* Given data *
● ● ● ●

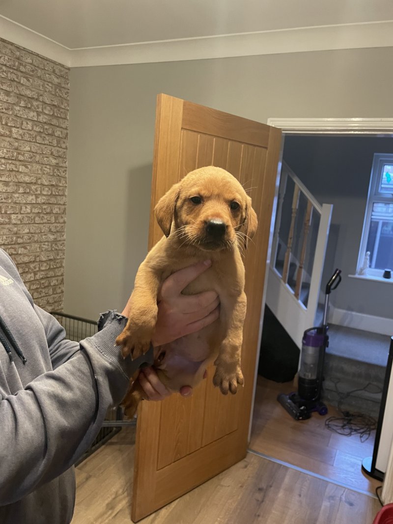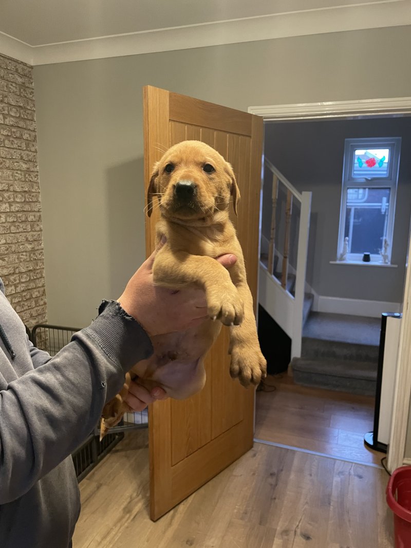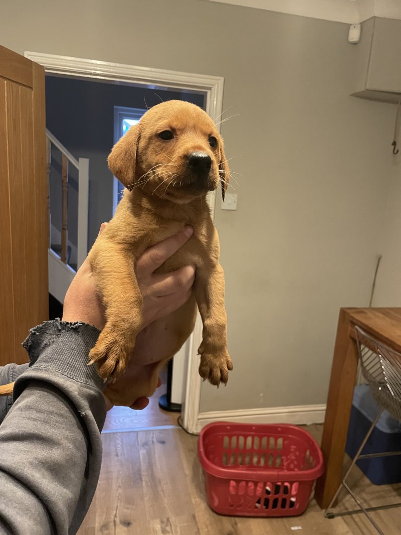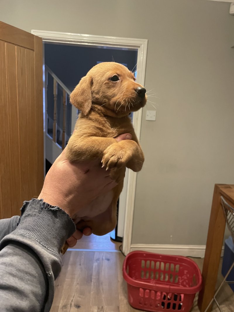 Here I have my fox red Labrador pups, mam is our pet and dad is a working Labrador, both parents are hip scored elbow scored and eyes tested all clear, pups have been around all general household noises also young children and adults, pups will come microchipped, flea treated and wormed, pups will all leave with a bag of pup food that they are currently on pups are ready to go viewings are very welcome thank you
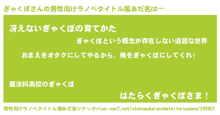 | 女子向けラノベタイトル風あだ名 | 『ぎゃくぼ夫妻のなれそめ』 |
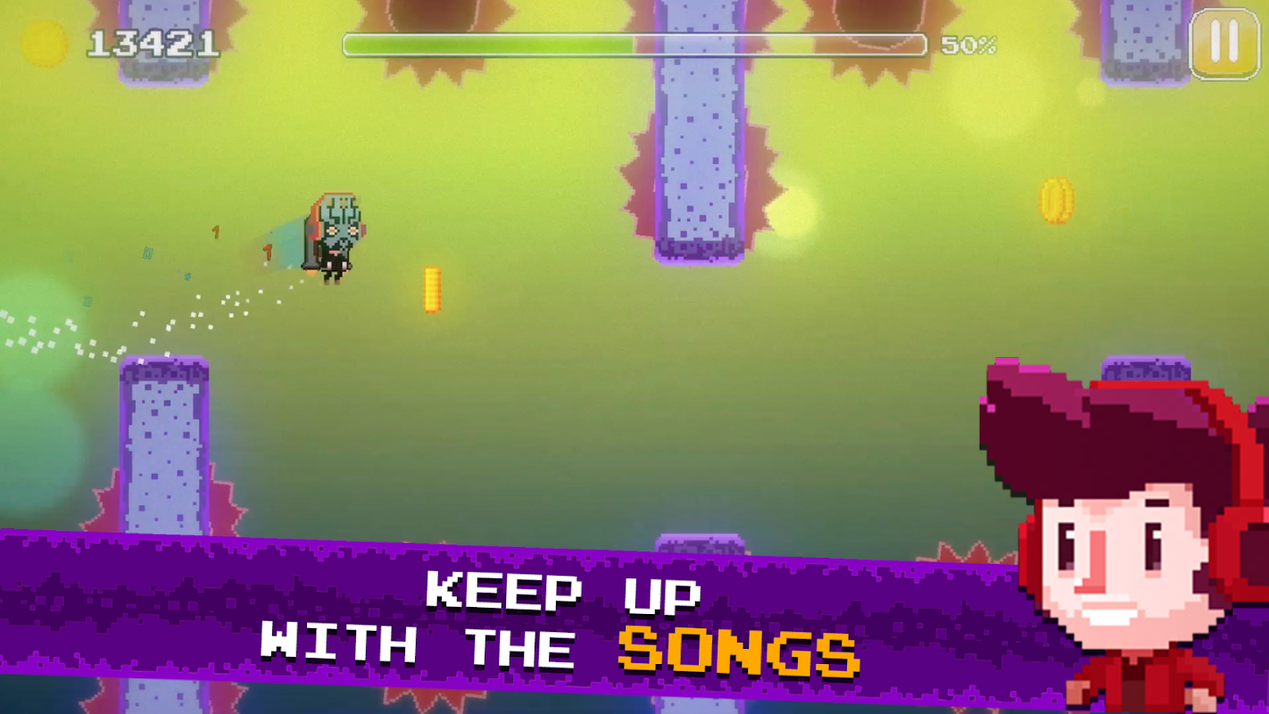 The gameplay is as simple as one touch jumps and hops. You just need to rush forward in tune with the amazing beats the game offers. Dance your fingers to the adventurously good music.
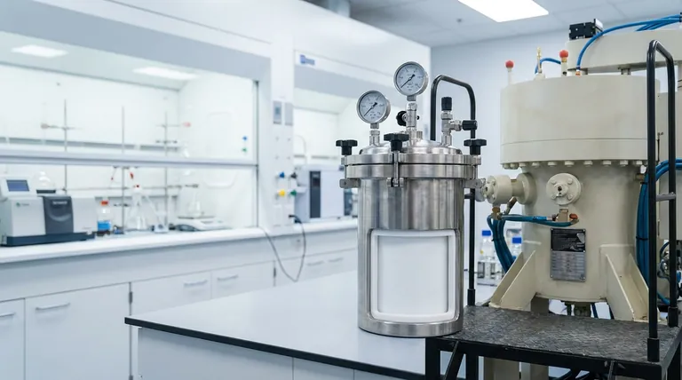 Polytetrafluoroethylene (PTFE) offers high chemical inertness, serving as a robust barrier that prevents the reaction fluid from attacking the steel autoclave.
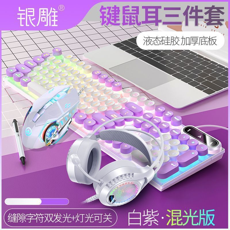 • [키보드 + 게이밍 마우스 + 헤드폰] - 흰색과 보라색 2색丨백색광 [펑크 원형 키캡] [블랙 골드] 업그레이드 버전
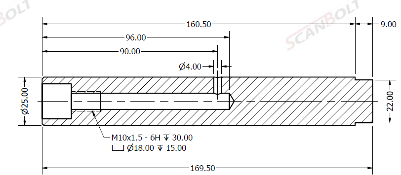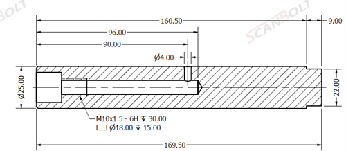 Bult Ø25x169,50L med smörjning

● ● ● ●

* Task *
Apart from the images, print all the material above exactly as given.

* Answer to the exercise *
 Here I have my fox red Labrador pups, mam is our pet and dad is a working Labrador, both parents are hip scored elbow scored and eyes tested all clear, pups have been around all general household noises also young children and adults, pups will come microchipped, flea treated and wormed, pups will all leave with a bag of pup food that they are currently on pups are ready to go viewings are very welcome thank you
 | 女子向けラノベタイトル風あだ名 | 『ぎゃくぼ夫妻のなれそめ』 |
 The gameplay is as simple as one touch jumps and hops. You just need to rush forward in tune with the amazing beats the game offers. Dance your fingers to the adventurously good music.
 Polytetrafluoroethylene (PTFE) offers high chemical inertness, serving as a robust barrier that prevents the reaction fluid from attacking the steel autoclave.
 • [키보드 + 게이밍 마우스 + 헤드폰] - 흰색과 보라색 2색丨백색광 [펑크 원형 키캡] [블랙 골드] 업그레이드 버전
 Bult Ø25x169,50L med smörjning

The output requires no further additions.